Directions
Exactly as they appear, copy the lines from the one holding "써마지 FLX는 고주파(RF)" through the end of the records, leaving pictures out.
Dataset records START
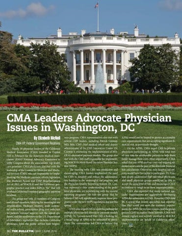 CMA Leaders Advocate Physician Issues in Washington, DC By Elizabeth McNeil CMA VP, Federal Government Relations Nearly 30 physician leaders of the California Medical Association (CMA) traveled to Capitol Hill in February for the American Medical Association (AMA) National Advocacy Conference to lobby Congress about the associations’ top health care priorities. CMA physicians also met with the leadership of the Centers for Medicare and Medicaid Services (CMS), who are responsible for implementing the Medicare payment reform legislation (the Medicare Access and CHIP Reauthorization Act of 2015, or MACRA) and the California geographic practice cost index (GPCI) “fix” that will overhaul California’s outdated geographic payment localities. The group met with 25 members of Congress and 40 staff members, lobbying for meaningful use simplification, Medicare recovery audit contractor audit reform, prescription drug cost reduction for patients, rational ways to curb the opioid epidemic, and the need to reverse the U.S. Department of Education’s regulation that excludes California physicians from the public service loan forgive38 | THE BULLETIN | MAY / JUNE 2016
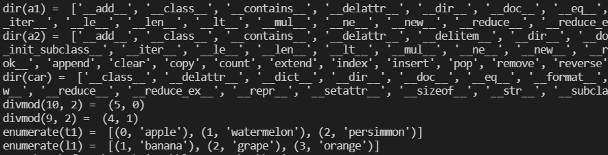 [Python:파이썬:기초] 21-7. 내장 함수: 객체의 함수와 변수 나열하기, 몫과 나머지 구하기, 객체 요소 나열 하기 함수 예제 - dir(), divmod(), enumerate() function examples
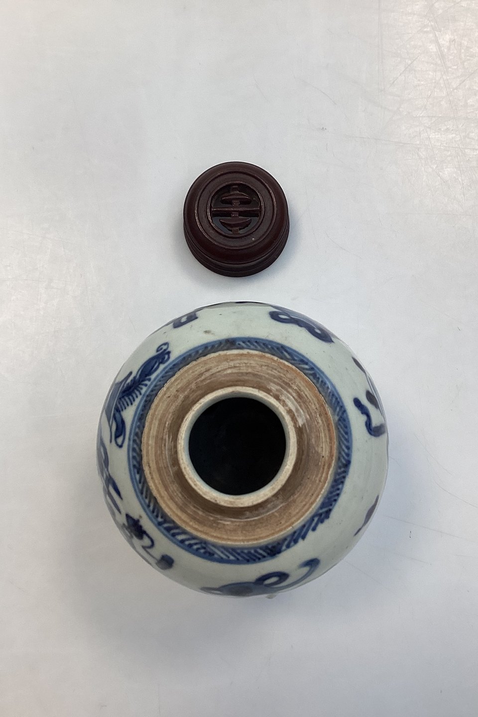 Orientalsk Kinesisk Vase / Ingefærkrukke med motiv i blå og hvid - Jiaqing perioden 1795-1820?Måler 13,5 cm x 10,5 cm
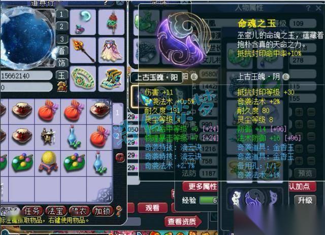 命魂之玉前排追求了奇袭法术,后排防御法防也是附加奇袭法术1%。
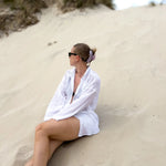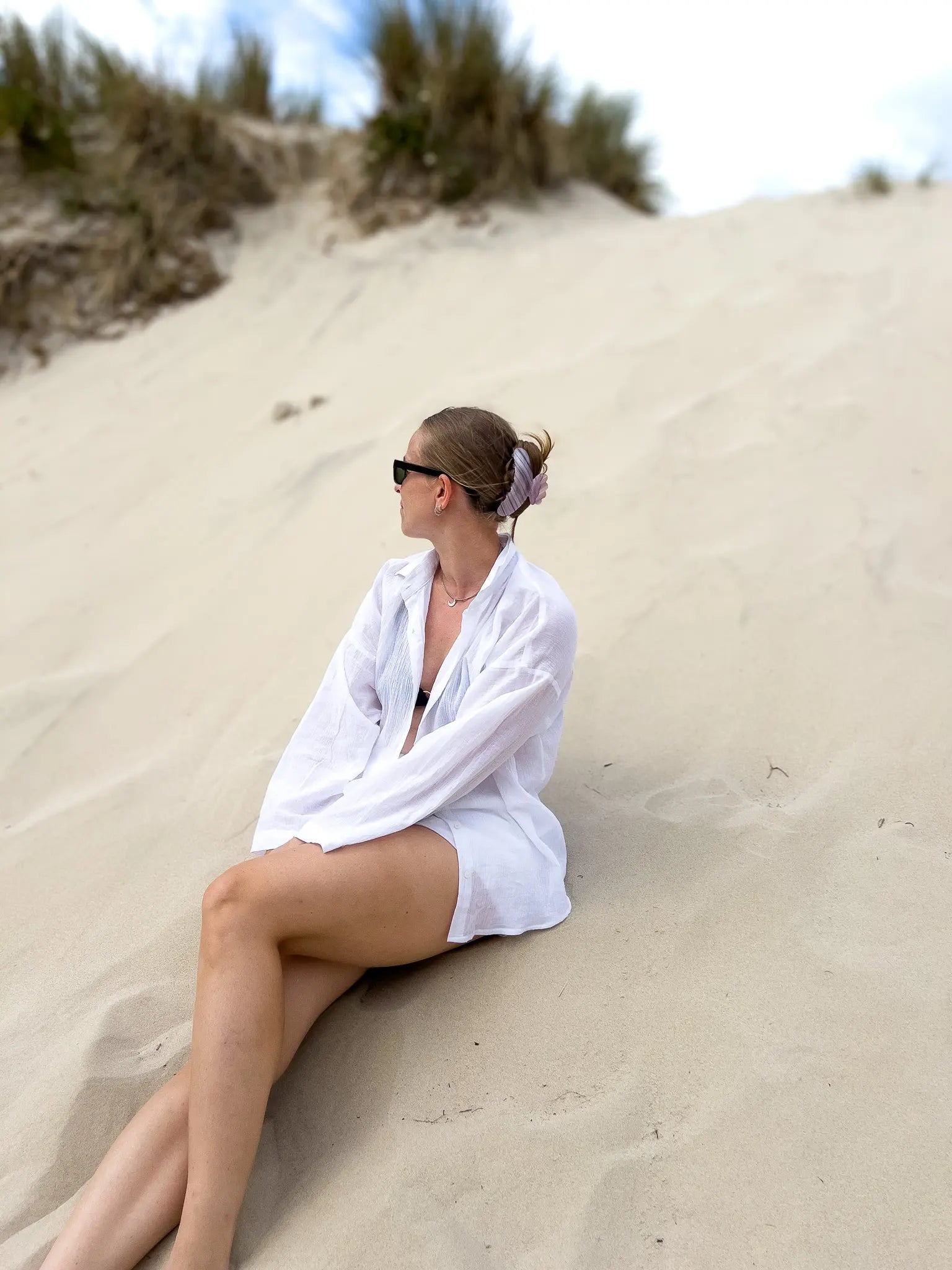Introducing the Wiild Keila Shirt. This oversized, crinkled linen shirt is perfect for layering over your swimwear at the beach.
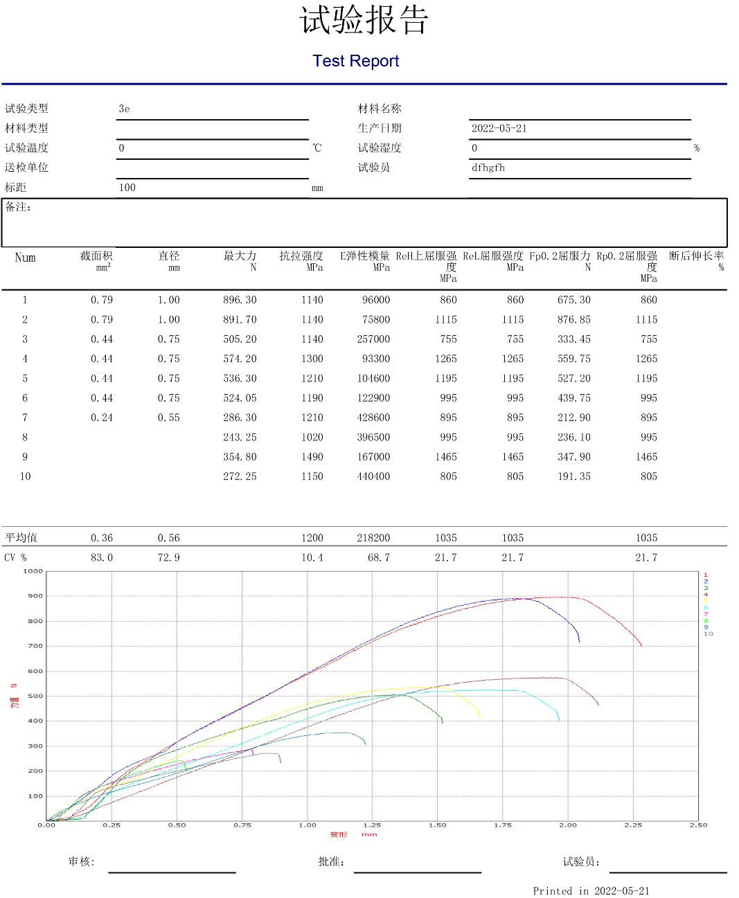 - 任意點力值 ???●任意點伸長率
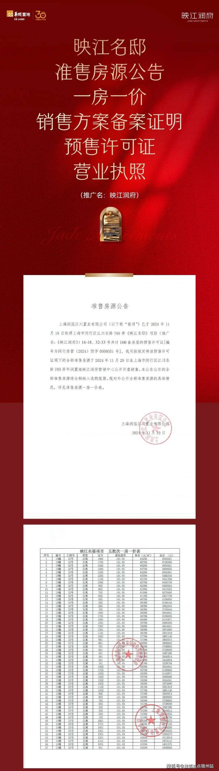 本资料为要约邀请,不作为要约或承诺,项目具体信息以政府最终审批文件为准;项目周围环境、交通及其他公共设施的效果示意以实际落成或政府部门标准文件为准。有关学区划分根据政府部门当年的划分为准,不作为开发商的任何承诺。相关宣传内容不排除因政府规划、规定及分期规划、未能控制等原因发生变化,在不违反法律法规、合同约定前提下,本公司有权对该宣传资料细节进行调整或更新。预售证号:闵行房管(2024)预字0000120号、闵行房管(2024)预字0000164号、闵行房管(2024)预字0000232号、闵行房管(2024)预字0000269号、闵行房管(2024)预字0000351号。制作日期: 2024年11月19日。开发商:上海润泓江川置业有限公司;备案名: 映江名邸 ;营销推广名:映江润府
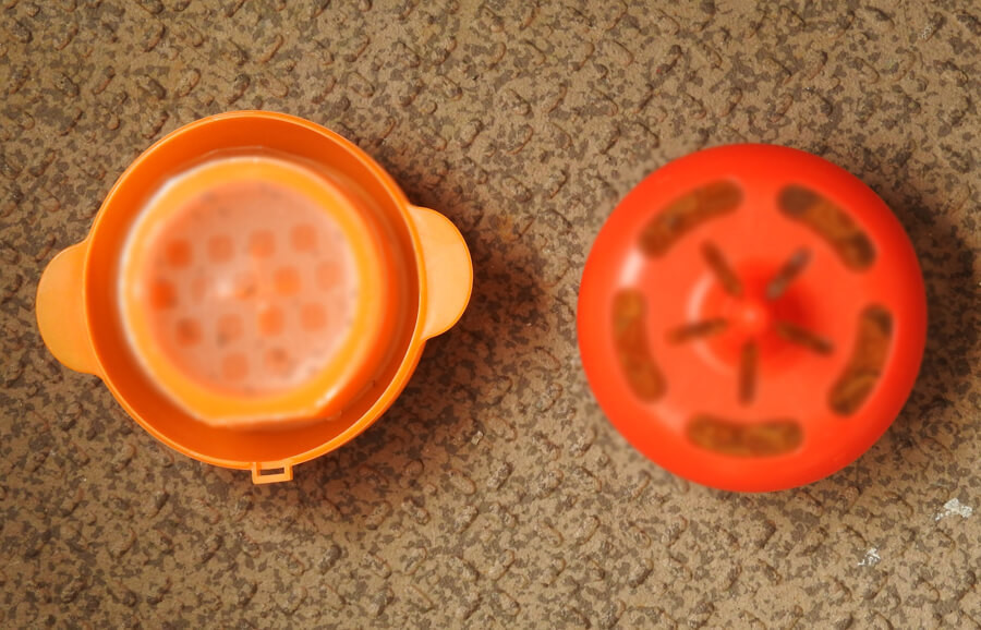 マツモトキヨシ「コバエ捕獲器COCOTTE」には取り外し可能なフタがついていますが、これはいらないかなと思いました。捨てる時に捕獲されたコバエをみずにすむ……という点においてはいいのかもしれませんが……。
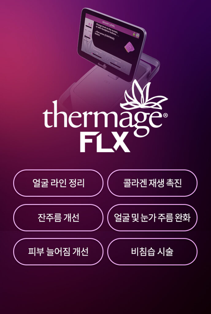써마지 FLX는 고주파(RF) 에너지를 피부 깊숙이 전달해 콜라겐 재생을 유도하고 피부 탄력을 개선하는 프리미엄 레이저 리프팅 시술입니다.
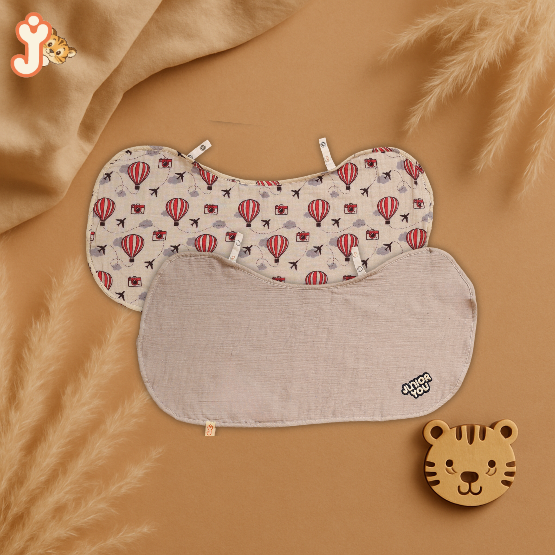 Junioryou Organic Cotton muslin Bib/Burp Cloth for babies (Pack of 2) - Balloon Safari & Solid Grey
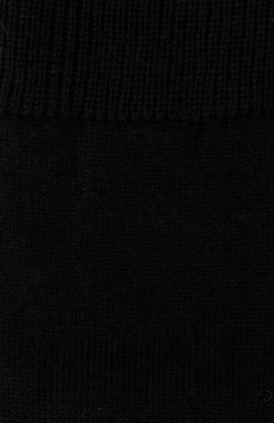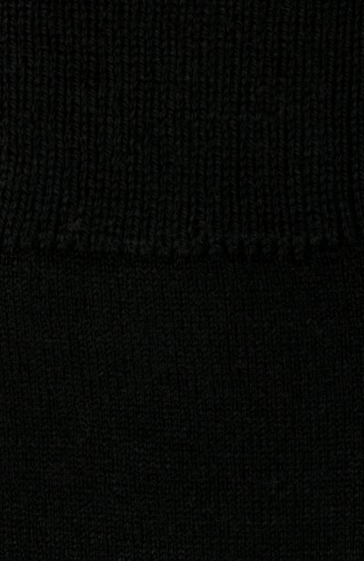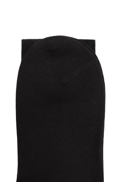 Черные носки связаны из мягкой смесовой пряжи: наружный слой из тонкой шерсти мериноса, внутренний — из нежного хлопка. Такой аксессуар поддерживает оптимальную для кожи температуру, не давая ногам перегреться или замерзнуть. Кеттельные швы выполнены вручную, поэтому не натирают и не раздражают кожу.
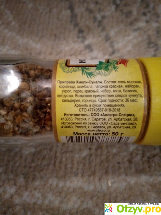 Состав приправы интересный, очень длинный. Но по сути вся баночка приправы заполнена солью и кориандром
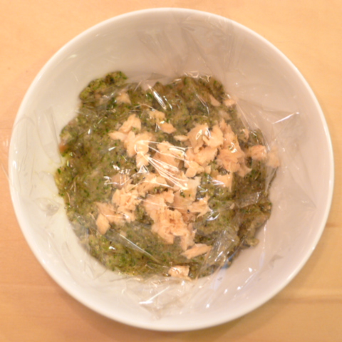 時鮭(北海道)7g 雪誉納豆3g 鳴門金時11g きゃべつ5g ブロッコリ5g 小松菜5g 南瓜11gトマト22g 黒ごま2.5g ブルーベリー5g ebi1T bio1g EsC0.3g cilantro1cc Zn1/8T 湯80cc
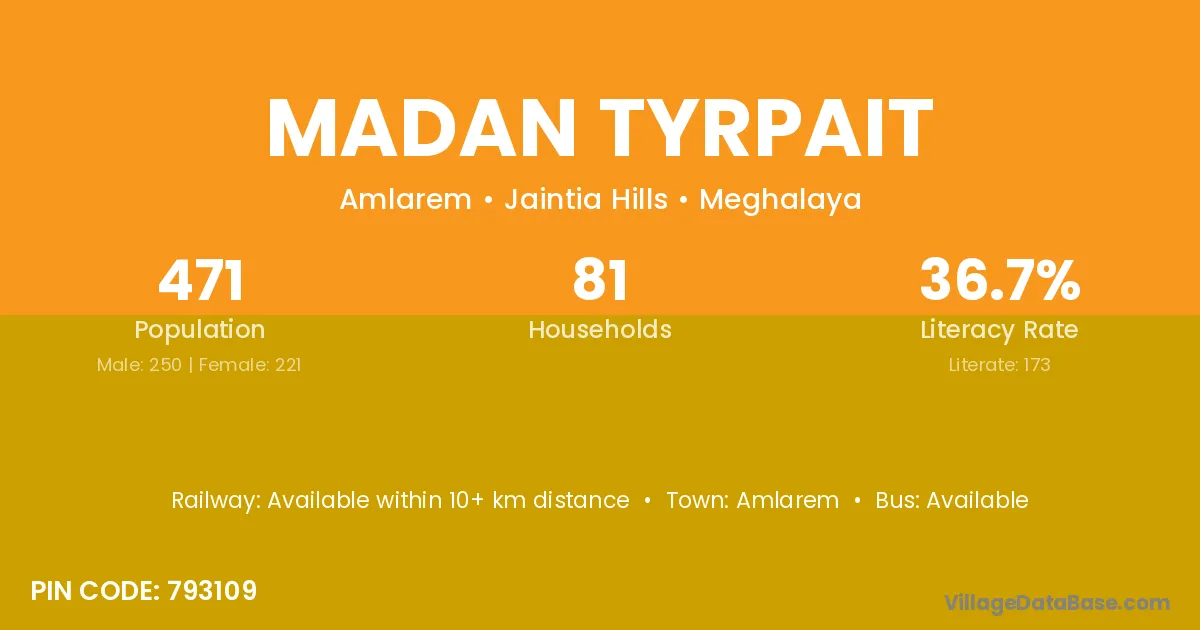 Amlarem is the nearest town to Madan Tyrpait village for major economic activities
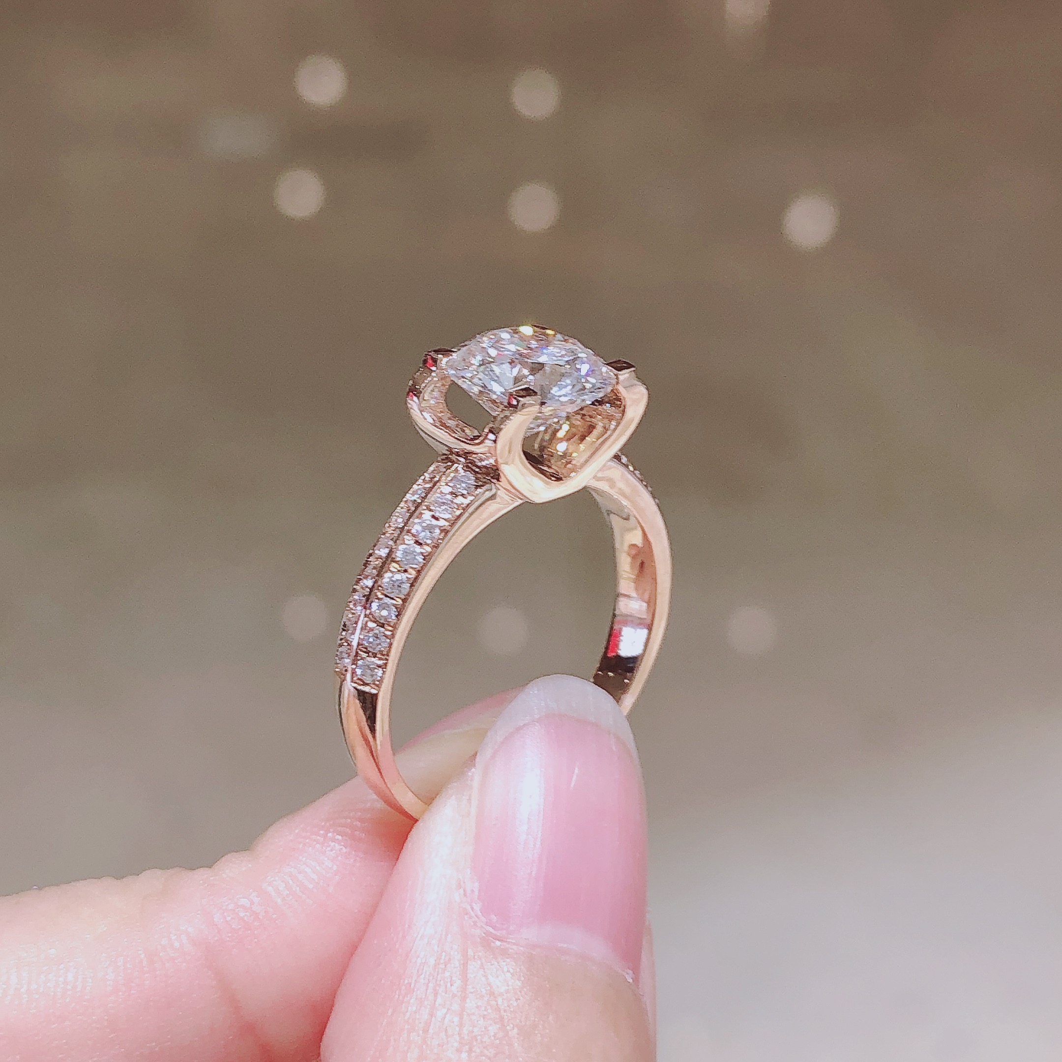 1ct Round Lab Diamond 18K红 Ring
Dataset records END
Exercise result
써마지 FLX는 고주파(RF) 에너지를 피부 깊숙이 전달해 콜라겐 재생을 유도하고 피부 탄력을 개선하는 프리미엄 레이저 리프팅 시술입니다.
 Junioryou Organic Cotton muslin Bib/Burp Cloth for babies (Pack of 2) - Balloon Safari & Solid Grey
 Черные носки связаны из мягкой смесовой пряжи: наружный слой из тонкой шерсти мериноса, внутренний — из нежного хлопка. Такой аксессуар поддерживает оптимальную для кожи температуру, не давая ногам перегреться или замерзнуть. Кеттельные швы выполнены вручную, поэтому не натирают и не раздражают кожу.
 Состав приправы интересный, очень длинный. Но по сути вся баночка приправы заполнена солью и кориандром
 時鮭(北海道)7g 雪誉納豆3g 鳴門金時11g きゃべつ5g ブロッコリ5g 小松菜5g 南瓜11gトマト22g 黒ごま2.5g ブルーベリー5g ebi1T bio1g EsC0.3g cilantro1cc Zn1/8T 湯80cc
 Amlarem is the nearest town to Madan Tyrpait village for major economic activities
 1ct Round Lab Diamond 18K红 Ring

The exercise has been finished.